Сирена подхватила свои тяжелые юбки и почти бегом последовала за Калебом вниз по лестнице.
— Останься в коридоре и смотри, чтобы никто из слуг не вошел сюда, — прошептала она, прислонив ухо к тяжелой двери.
— Хорошо, Сирена!
Глаза мальчика заговорщически блестели.
Прижав руки к груди, она слушала и, улыбаясь, представляла себе, как двое мужчины испепеляли друг друга взглядами.
Говорил Цезарь; его теплый, бархатный голос журчал за толстыми дверями.
— Итак, менеер, вы решили со мной поговорить. О чем, кроме дел, мы можем с вами разговаривать?
— Есть один вопрос… Это касается моей жены. Мне известно, дон Цезарь, какой вы распутник. И потому желательно, чтобы вы держались от Сирены подальше. Она очень уязвима, в настоящий момент она в трауре и желает все свое время посвятить молитвам. А вы, сеньор, преследуете ее и делаете меня посмешищем всей Батавии, — Риган грозно кашлянул. — Она, конечно, слишком благовоспитанна и не может прямо сказать вам, чтобы вы оставили ее в покое, и потому я обязан сделать это за нее. Итак, невзирая на то, что вы ее соотечественник, я предупреждаю вас: держитесь от нее подальше начиная с сегодняшнего дня!
После паузы заговорил Цезарь.
— Это Сирена… сказала вам, что я «преследую» ее? — вкрадчиво спросил испанец. — Уверен, что нет. Наоборот, смею вас заверить, в действительности она благосклонно относится к моему… ухаживанию.
— Вы хотите сказать, что спали с моей женой?! — взревел Риган.
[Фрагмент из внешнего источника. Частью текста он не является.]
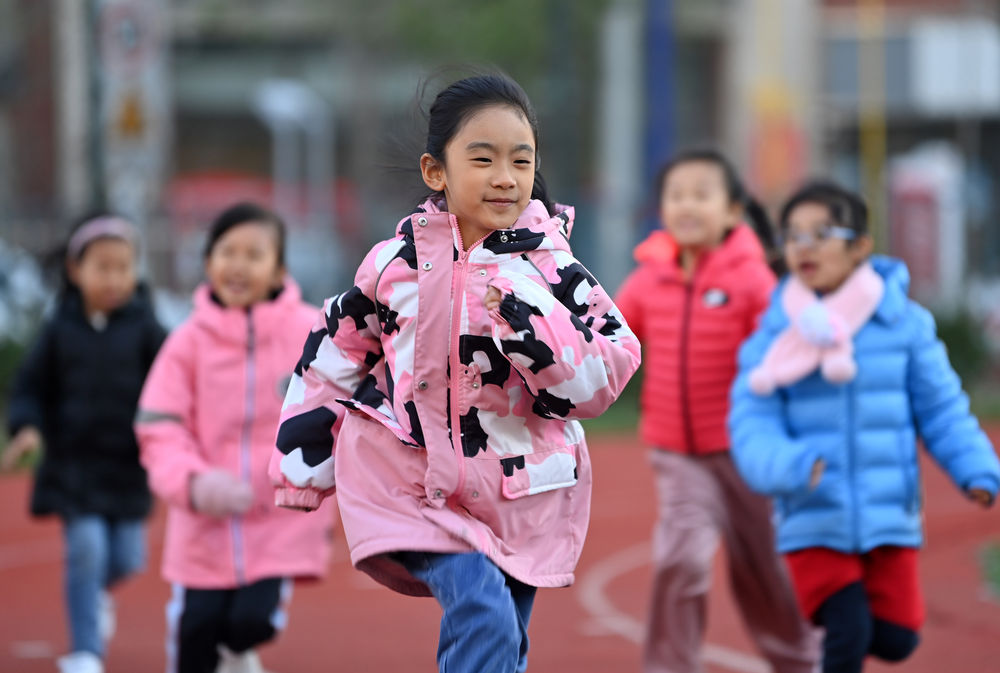 ↑在天津市河西区德贤小学,学生在课后素质拓展课上跑步锻炼(2021年11月11日摄)。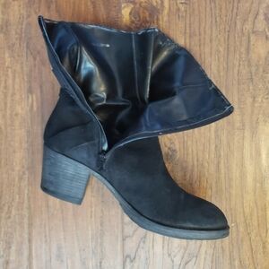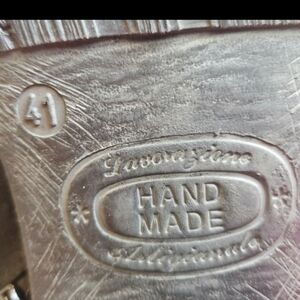 stylish silver tone buckles, almond shape toes, distressed leather and anti slip rubber soles. All hand made and built to last. The inner top leather portion of the boots has minor wear. See pics. The mid section sewn on strap has an opening of about 11”. It is not adjustable. Comes from a smoke free home.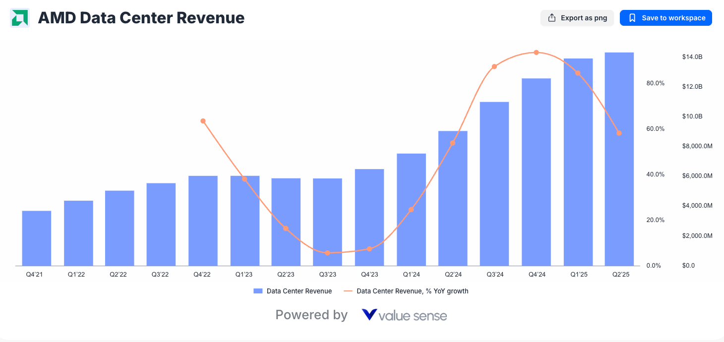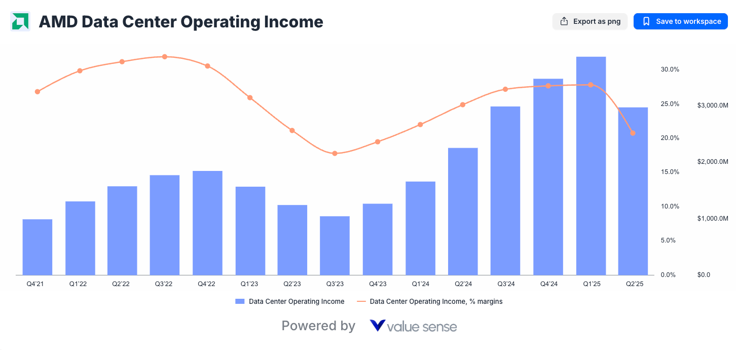 - Data center revenue expansion driven by EPYC processor adoption

— Менеер, прошу вас! Мы… мы, испанцы, воспитаны совсем не так, как вы, голландцы. Ни один уважающий себя испанец не позволит себе бросить тень на доброе имя женщины, тем более замужней. И ни один испанец не признался бы… если бы что-то и было на самом деле. Однако могу вас заверить, что мое ухаживание за вашей прекрасной супругой не зашло так далеко! — затем он быстро добавил: — Хотя, почему это вас так волнует, Риган? Вы сами ведете довольно распутный образ жизни. Что для вас значат мои чувства к вашей жене? Ручаюсь, вы завоевали сердца всех дам от Суматры до Гвинеи, — Цезарь тихо засмеялся. — Вы переспали со всеми женщинами, которые могут держаться на ногах без подпорок. Но советую вам быть осторожнее, Риган, — предупредил испанец, — эти яванские красавицы прекрасно разбираются в ядах и способны отравить любовника, если он их чем-либо не устроит.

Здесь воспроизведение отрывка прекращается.